## SOURCE INFORMATION
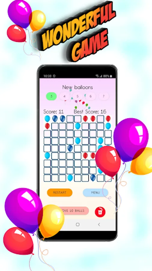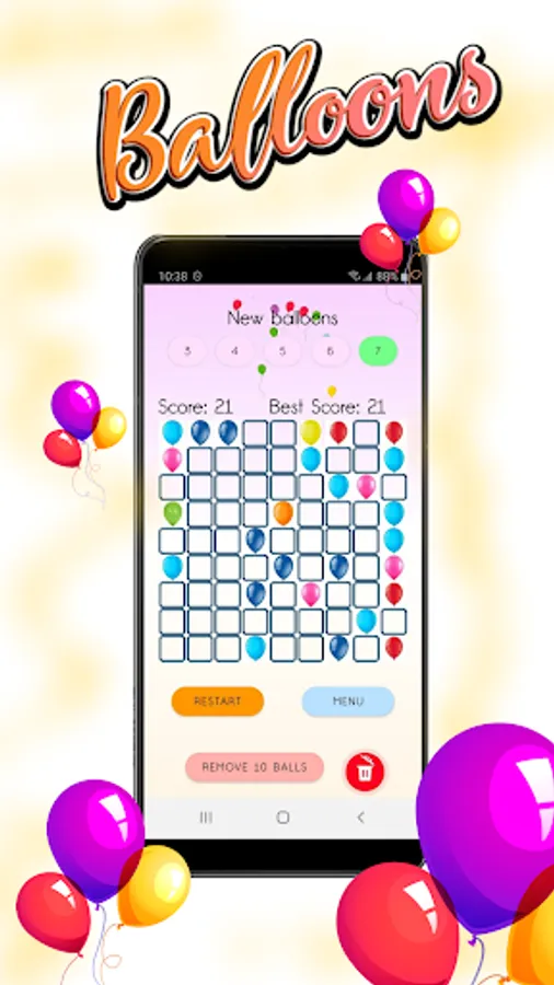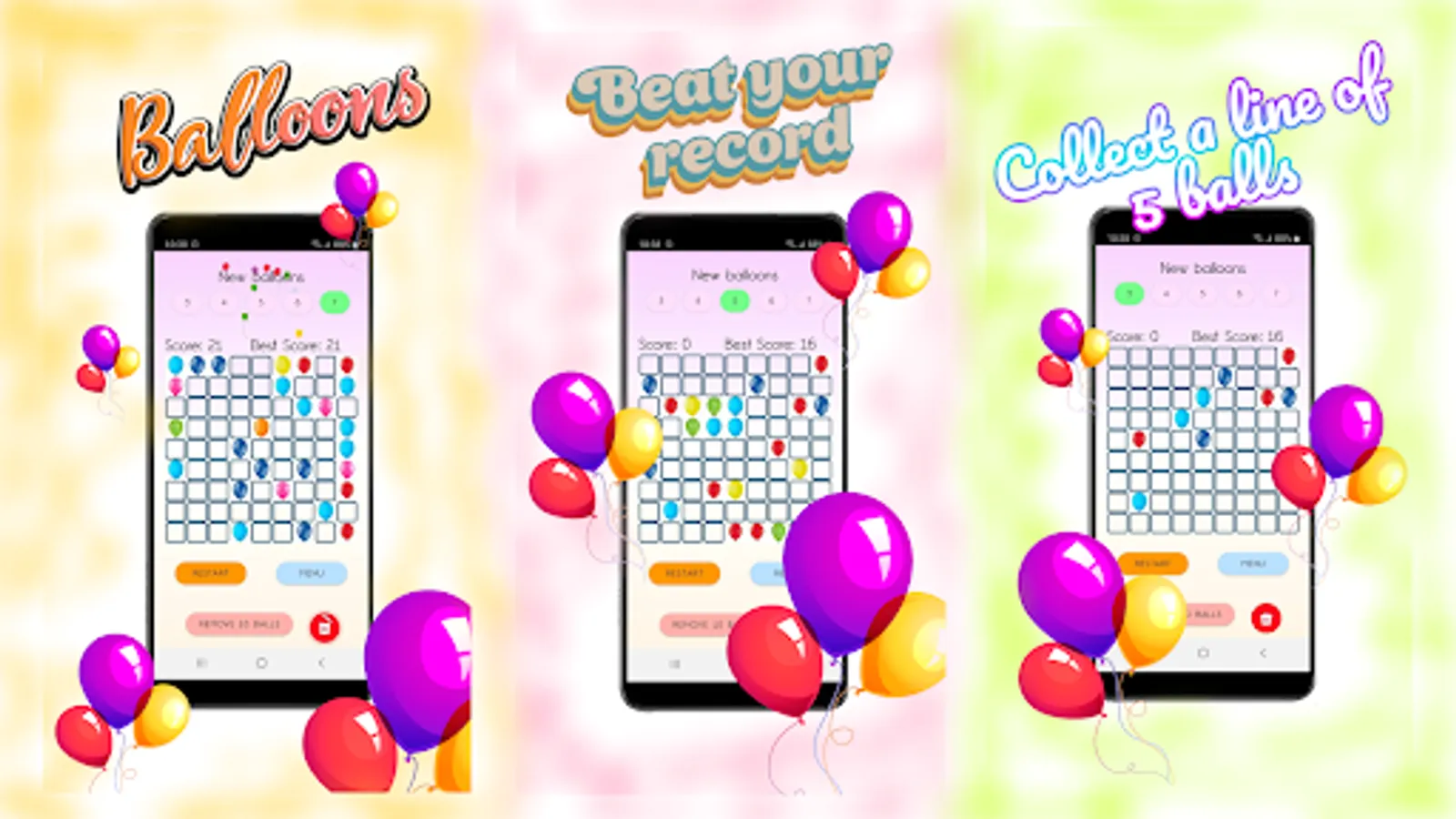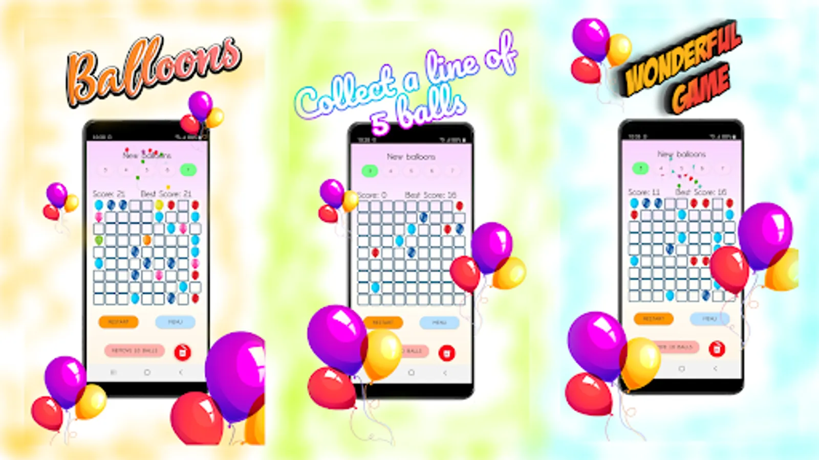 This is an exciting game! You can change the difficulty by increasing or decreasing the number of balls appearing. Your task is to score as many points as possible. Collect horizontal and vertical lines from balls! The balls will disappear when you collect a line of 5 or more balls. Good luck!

* * *

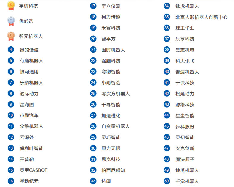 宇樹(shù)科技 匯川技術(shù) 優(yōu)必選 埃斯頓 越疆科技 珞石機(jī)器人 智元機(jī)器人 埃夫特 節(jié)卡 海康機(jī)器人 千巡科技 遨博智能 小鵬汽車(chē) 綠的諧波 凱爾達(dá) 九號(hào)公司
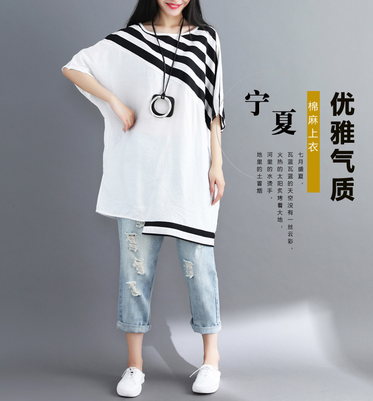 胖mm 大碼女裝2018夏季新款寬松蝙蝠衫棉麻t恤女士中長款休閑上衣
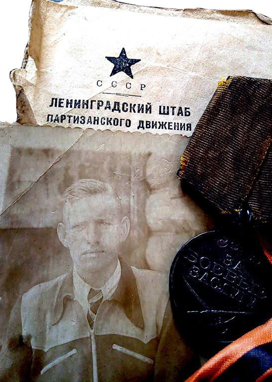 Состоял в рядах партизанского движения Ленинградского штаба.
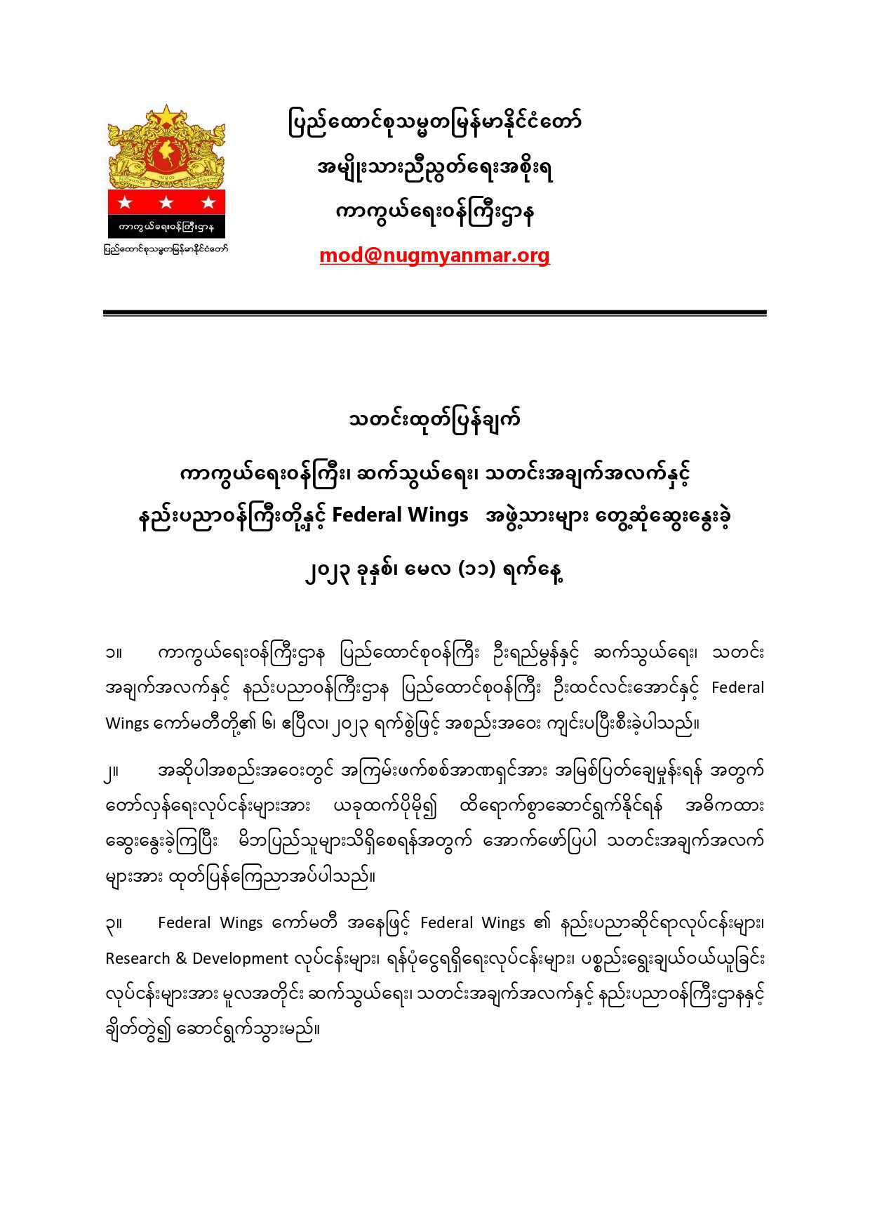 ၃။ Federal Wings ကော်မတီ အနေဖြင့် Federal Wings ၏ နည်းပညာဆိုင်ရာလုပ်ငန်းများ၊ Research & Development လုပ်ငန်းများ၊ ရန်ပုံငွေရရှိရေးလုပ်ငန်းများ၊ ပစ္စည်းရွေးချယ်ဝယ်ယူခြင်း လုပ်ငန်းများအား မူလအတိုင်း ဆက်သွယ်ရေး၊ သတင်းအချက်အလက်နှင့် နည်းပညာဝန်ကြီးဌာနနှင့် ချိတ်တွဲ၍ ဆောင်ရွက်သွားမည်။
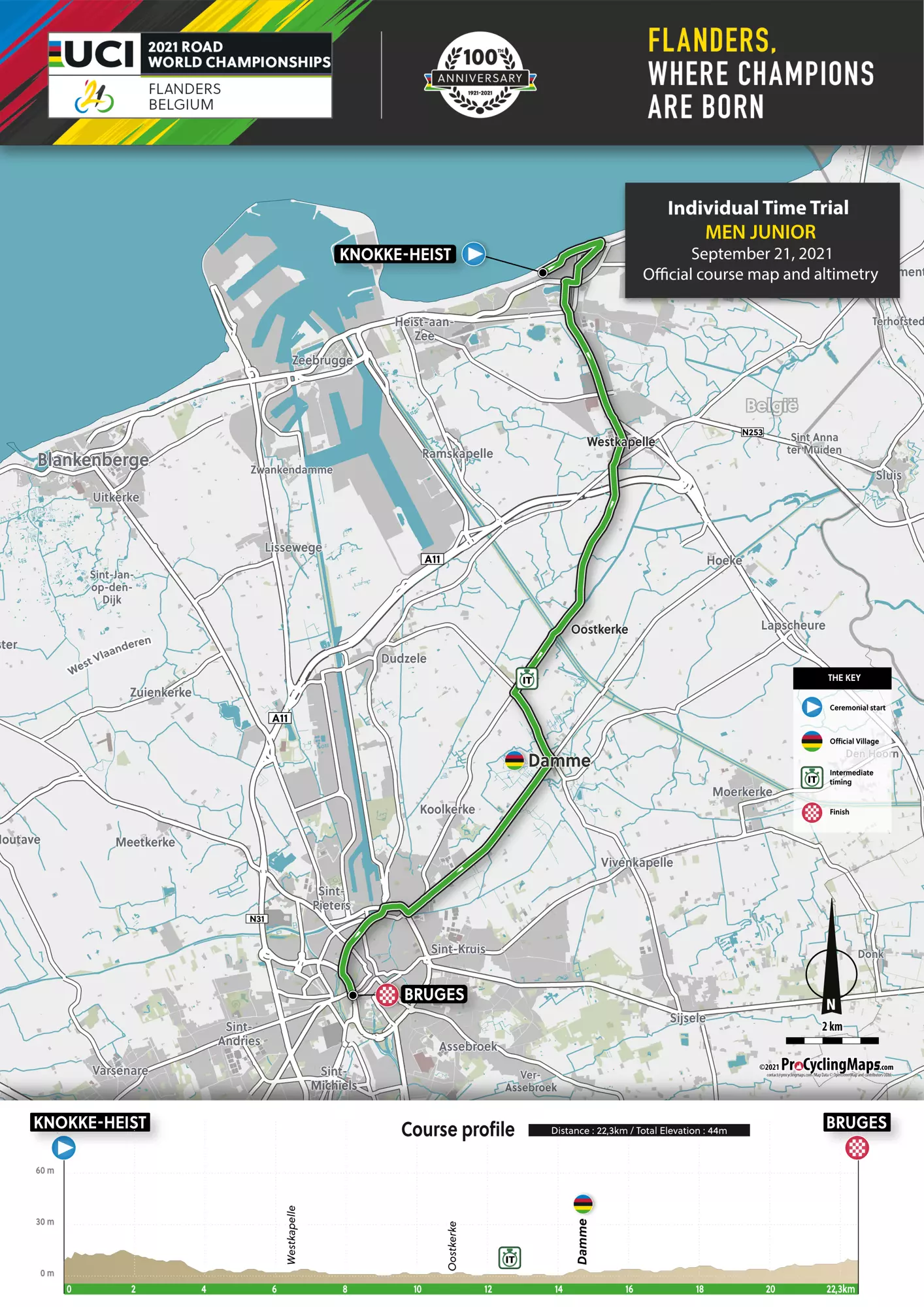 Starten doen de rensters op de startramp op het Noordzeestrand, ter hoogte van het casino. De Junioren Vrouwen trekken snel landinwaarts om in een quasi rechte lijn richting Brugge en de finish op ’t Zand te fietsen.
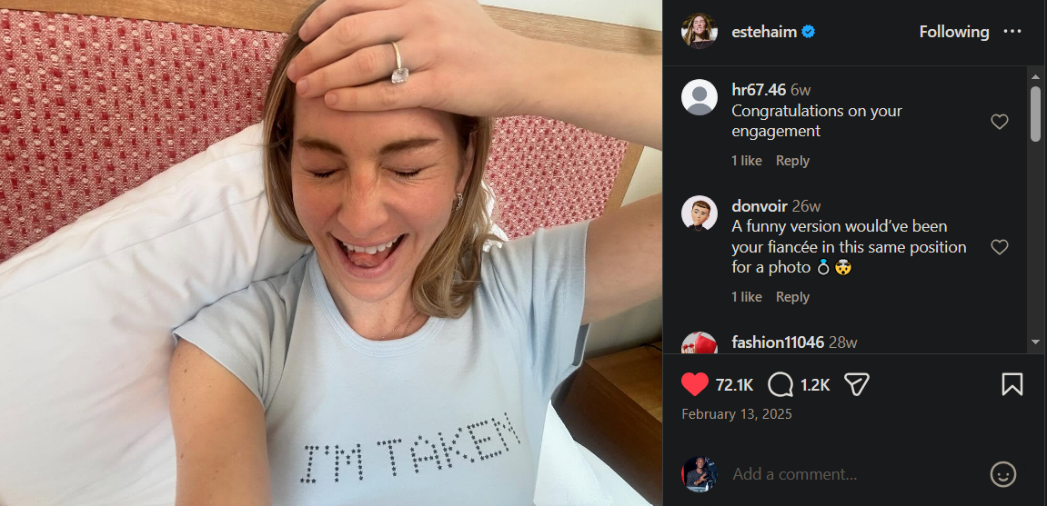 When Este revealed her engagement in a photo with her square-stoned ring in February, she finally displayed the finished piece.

## GOAL OF THE EXERCISE
From the entries above, copy exactly the lines starting at the one with "宇樹(shù)科技 匯川技術(shù) 優(yōu)必選" and stopping at the one with "When Este revealed", keeping both ends. Drop the pictures.

## OUTPUT OF THE TASK
 宇樹(shù)科技 匯川技術(shù) 優(yōu)必選 埃斯頓 越疆科技 珞石機(jī)器人 智元機(jī)器人 埃夫特 節(jié)卡 海康機(jī)器人 千巡科技 遨博智能 小鵬汽車(chē) 綠的諧波 凱爾達(dá) 九號(hào)公司
 胖mm 大碼女裝2018夏季新款寬松蝙蝠衫棉麻t恤女士中長款休閑上衣
 Состоял в рядах партизанского движения Ленинградского штаба.
 ၃။ Federal Wings ကော်မတီ အနေဖြင့် Federal Wings ၏ နည်းပညာဆိုင်ရာလုပ်ငန်းများ၊ Research & Development လုပ်ငန်းများ၊ ရန်ပုံငွေရရှိရေးလုပ်ငန်းများ၊ ပစ္စည်းရွေးချယ်ဝယ်ယူခြင်း လုပ်ငန်းများအား မူလအတိုင်း ဆက်သွယ်ရေး၊ သတင်းအချက်အလက်နှင့် နည်းပညာဝန်ကြီးဌာနနှင့် ချိတ်တွဲ၍ ဆောင်ရွက်သွားမည်။
 Starten doen de rensters op de startramp op het Noordzeestrand, ter hoogte van het casino. De Junioren Vrouwen trekken snel landinwaarts om in een quasi rechte lijn richting Brugge en de finish op ’t Zand te fietsen.
 When Este revealed her engagement in a photo with her square-stoned ring in February, she finally displayed the finished piece.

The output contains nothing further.